When the National Training Center for Coaches (Cenafe) opened its doors, it almost immediately came into conflict with the Royal Spanish Football Federation (RFEF).

'Querellator', the modest soccer coach who kicked Villar out

When the National Training Center for Coaches (Cenafe) opened its doors, it almost immediately came into conflict with the Royal Spanish Football Federation (RFEF). Miguel Ángel Galán, an electricity professor who requested a leave of absence to travel through the benches of several modest teams for more than two decades, dared to start an academy to train coaches outside the federative umbrella. "And at that moment I became an outlaw," he has said for years.

"I had two options: fold, like the rest, or fight." And that is what this entrepreneur has been doing ever since. The fact that the RFEF did not grant its students the UEFA license to train aroused his vindictive vein, which has led him to file endless complaints in the face of any federative slip, either in the time of Ángel María Villar or now, with Luis Rubiales in front.

"In the Federation they call me 'Querellator'", he confessed in an interview in 2019.

His greatest impact was reached when in 2014 he denounced Zidane for serving as Castilla's head coach without the required qualifications, which led to a three-month ban for the Frenchman. A complaint that he curiously repeated last year with Fernando Torres. However, although his denunciations sometimes obtained favorable results, Galán was seen as a character in search of his minute of glory. A perception that changed with the criminal complaint that he filed in 2017 against Villar for embezzlement of public funds, misappropriation and prevarication in the Haiti case and the Recreativo case. The accusation ended up costing his position, after almost 30 years, to the boss of Spanish football.

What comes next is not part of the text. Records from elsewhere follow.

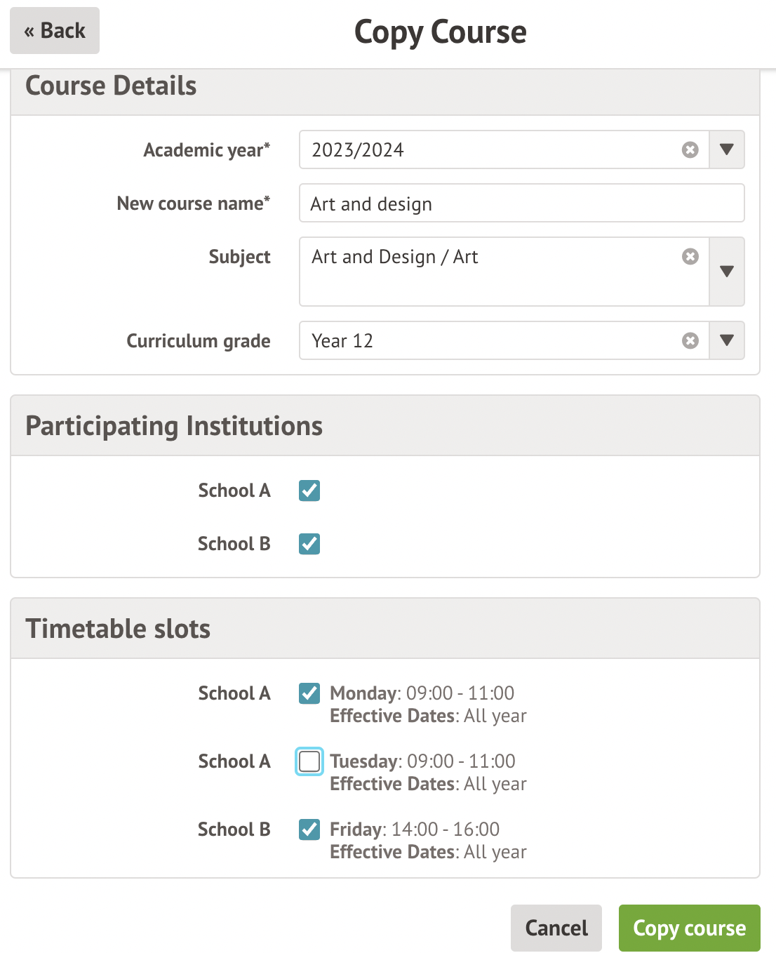 You can also choose which institutions will participate in the new course and which timetable slots you want to copy.
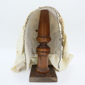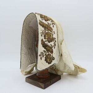 Wattierte Weiße Trachtenhaube mit Goldener Bouillonstickerei und Cremefarbenen Bändern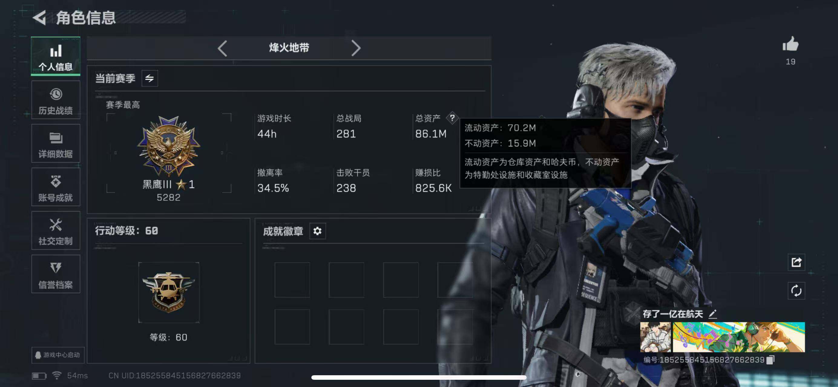 【SJ626】行动等级:60 总资产:85M 哈夫币:110.9W 近战武器:
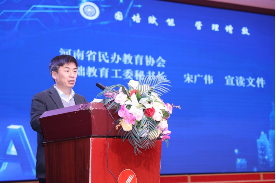 宋广伟秘书长宣读河南省民办教育协会成立教师成长学院的决定。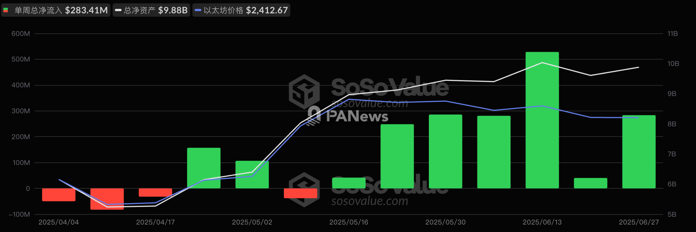 そのうち、ブラックロックのETHAは引き続き主な資金流入先であり、期間中に約14億5,000万ドルの純流入と株価の上昇率は11.5%でした。フィデリティのFETHは2億5,000万ドル以上の純流入と株価の上昇率は34.6%でした。グレイスケールのミニETHは1億6,000万ドル以上の純流入と株価の上昇率は34.7%でした。ビットワイズのETHWは、期間中に約3,327万ドルの純流入と株価の上昇率は36.37%でした。ヴァンエックのETHVは581万ドルの流入と株価の上昇率は34.76%でした。グレイスケールETHEは、1四半期で1億3,000万ドル以上の純流出と株価の上昇率は34.26%でした。フランクリンのEZETは、純流入額が約632万米ドルで、株価が約34.61%上昇しました。21SharesのCETHは、純流入額が814万米ドルで、株価が34.63%上昇しました。インベスコのQETHは、純流入額が337万米ドルで、株価が約33.6%上昇しました。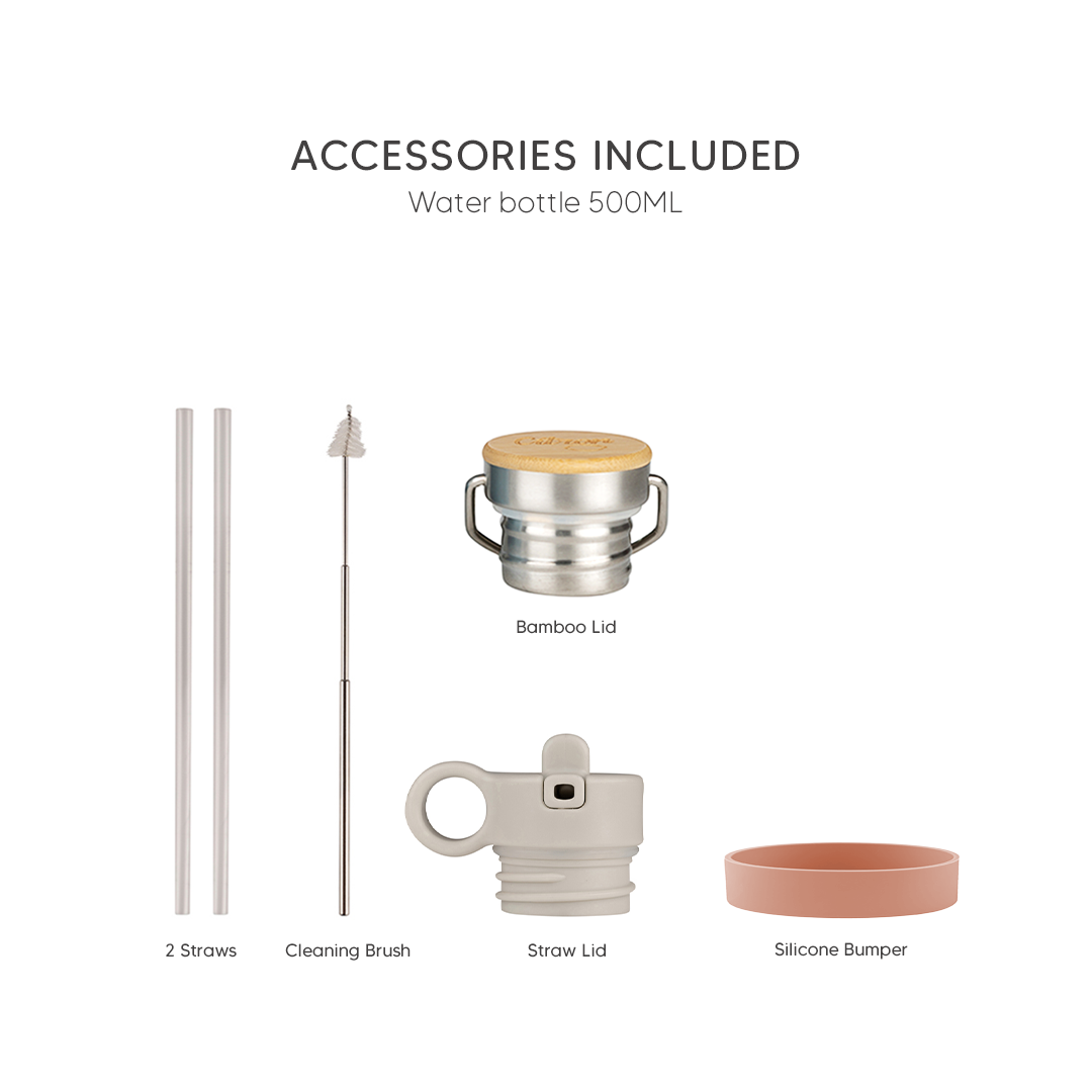 - Included: 1 bottle, 1 cleaning brush, 1 silicone bumper, 1 bamboo lid, 1 straw lid, 1 extra straw

His victory did not stop his righteous momentum, which led him to challenge the 2020 RFEF elections, to denounce Irene Lozano, president of the Higher Sports Council, for alleged administrative prevarication in the electoral process, or Luis Rubiales when he was president of the AFE for the alleged use of funds from this body to renovate his house. And along the way he still had time to claim and fight the industrial property of the VAR and to flirt with a candidacy for the presidency of the Federation.